Scenarios and seeds are defined in matrix.yaml. Each scenario overrides config.yaml for that run only — processes never see the original base config during a matrix run.

make matrix-dry-run                        # preview scenario plan
make matrix                                # run all 17 scenarios × 3 seeds (native)
make matrix ONLY=L09,H15 MAX_RUNS=1        # run selected scenarios only

Run make help for the full command list.


System Architecture

┌─────────────────────────────────────────────────────────┐
│                      gRPC Server                        │
│  ┌────────────┐  ┌───────────┐  ┌────────────────────┐  │
│  │ ServerHead │  │  FedAvg   │  │ Adaptive Scheduler │  │
│  │ (MLP+Dual  │  │ Coordinator│  │ (Compression + ρ)  │  │
│  │  Head)     │  │           │  │                    │  │
│  └────────────┘  └───────────┘  └────────────────────┘  │
└──────────┬──────────────┬──────────────┬────────────────┘
           │ Forward/     │ Synchronize  │ Register/
           │ Backward     │ (FedAvg)     │ Complete
           │              │              │
┌──────────▼──────────────▼──────────────▼────────────────┐
│              gRPC Clients (×11)                         │
│  ┌──────────┐  ┌──────────────┐  ┌──────────────────┐  │
│  │ClientLSTM│  │Training Loop │  │  Compression &   │  │
│  │(2L LSTM) │  │(local steps) │  │  Latency Report  │  │
│  └──────────┘  └──────────────┘  └──────────────────┘  │
└─────────────────────────────────────────────────────────┘

Model (Split LSTM)

Component Location Description
ClientLSTM src/models/split_lstm.py 2-layer LSTM encoder; input (batch, 48, 5) → smashed activation (batch, 64)
ServerHead src/models/split_lstm.py MLP backbone → dual head: rain classifier (logit) + rain regressor (amount)

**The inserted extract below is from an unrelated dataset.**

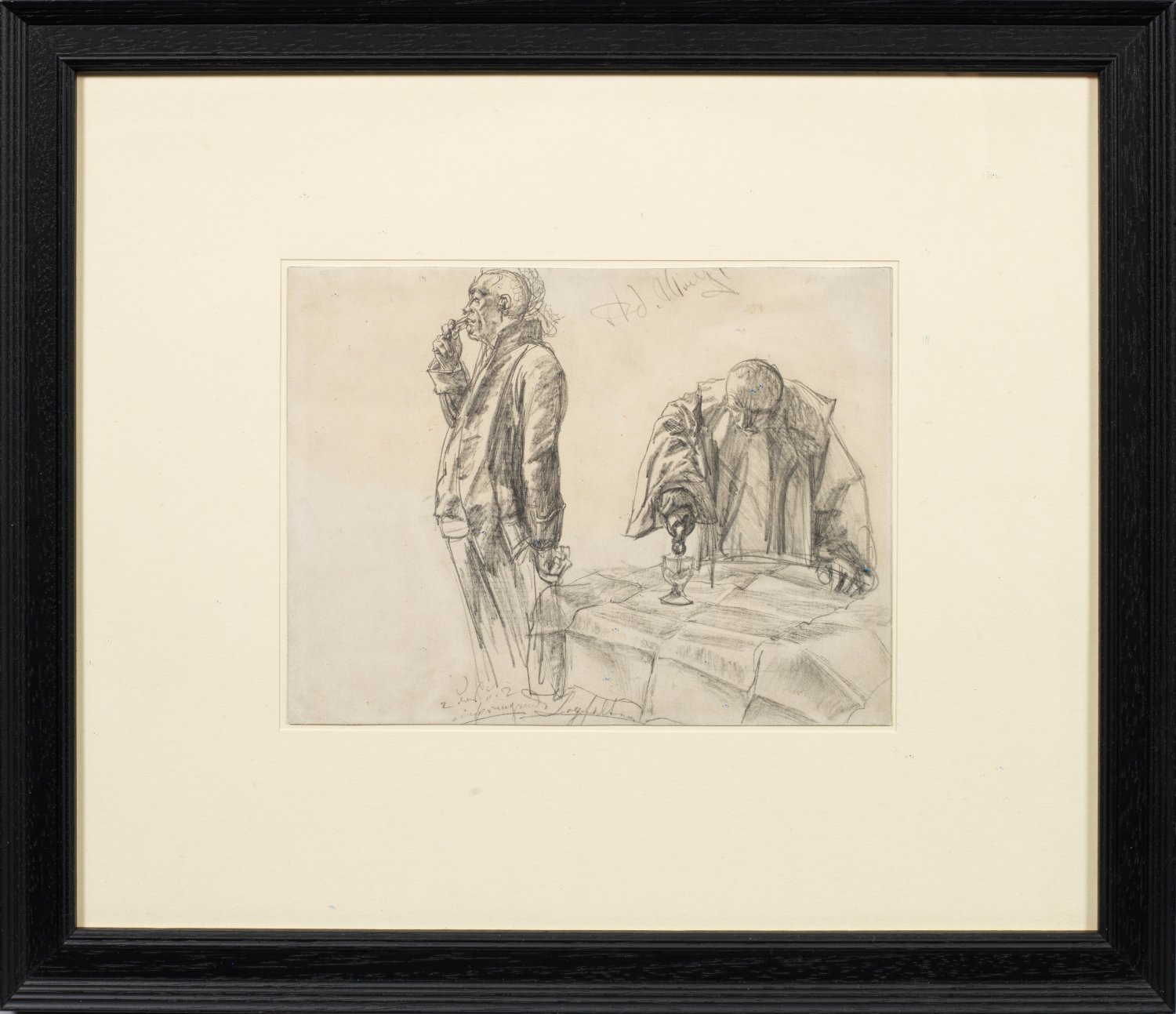Die Zeichnung Menzels ist eine Studie für eine Holzschnittillustration zu der 1877 in Berlin erschienenen, vom Künstler illustrierten, berühmten Prachtausgabe "Der zerbrochene Krug" von Heinrich von Kleist. Dieses "Lustspiel", geschrieben 1802-1806, aufgeführt erstmals 1808 und im Todesjahr des Dichters 1811 erstmals vollständig gedruckt, ist zweifellos das bekannteste Werk des Autors. Ohne die gesamte und ziemlich komplexe Geschichte des Stücks nachzuerzählen, dreht sich die Erzählung um die Bemühungen des Dorfrichters Adam, die Zuneigung der jungen Eva zu gewinnen, deren Mutter jemanden wegen eines zerbrochenen Kruges auf Schadensersatz verklagen will. Dorfrichter Adam muss nun über eine Tat zu Gericht sitzen, die er selbst beging und zugleich den Fortgang dieses von ihm geleiteten Gerichtsverfahrens hintertreiben. Erschwerend kommt hinzu, dass an diesem Morgen ein Gerichtsinspektor namens Walter die Führung der Dorfgerichte überwacht. Der Holzschnitt, für den diese lebhafte und charakteristische Zeichnung eine Studie ist, leitet als Illustration den zehnten Auftritt des Stücks ein, in dem sich der Dorfrichter Adam nach einer Prozesspause zunehmend in Widersprüche verstrickt. Auf der rechten Seite der Zeichnung schildert Menzel den Dorfrichter Adam, wie er dem Gerichtsrat Walter großzügig Rheinwein in ein Glas einschenkt. Diese Figur erscheint in einer nur wenig abweichenden Version auch im gedruckten Holzschnitt. Menzels Anmerkung am unteren Rand des Blattes bezieht sich offenbar auf die Art und Weise, wie er die effektvollen Falten in der Tischdecke darstellen wollte. Schwarze Kreide u. Bleistift/Papier. M. o. sign.; M. u. vom Künstler bez. "2 aus u. 2 einspringende Legfalten". 18,2 cm x 24,4 cm. Rahmen.

gRPC Protocol (proto/fsl.proto)

RPC Direction Purpose
Register Client → Server Register client, receive assigned ID and session
Forward Client ↔ Server Send compressed activation, receive gradient + scheduler directives
Synchronize Client ↔ Server FedAvg weight aggregation (barrier-based with quorum + timeout)
NotifyCompletion Client → Server Signal training complete; triggers shutdown when all clients finish

Adaptive Scheduler (src/server/scheduler.py)

Uses per-client EMA-smoothed latency to choose compression and synchronisation interval:

Latency (EMA) Compression Mode Severity Resulting ρ with base=1, step=1
< 4 ms float32 0 1
4–10 ms float16 1 2
≥ 10 ms int8 2 3

Compression Modes (src/shared/compression.py)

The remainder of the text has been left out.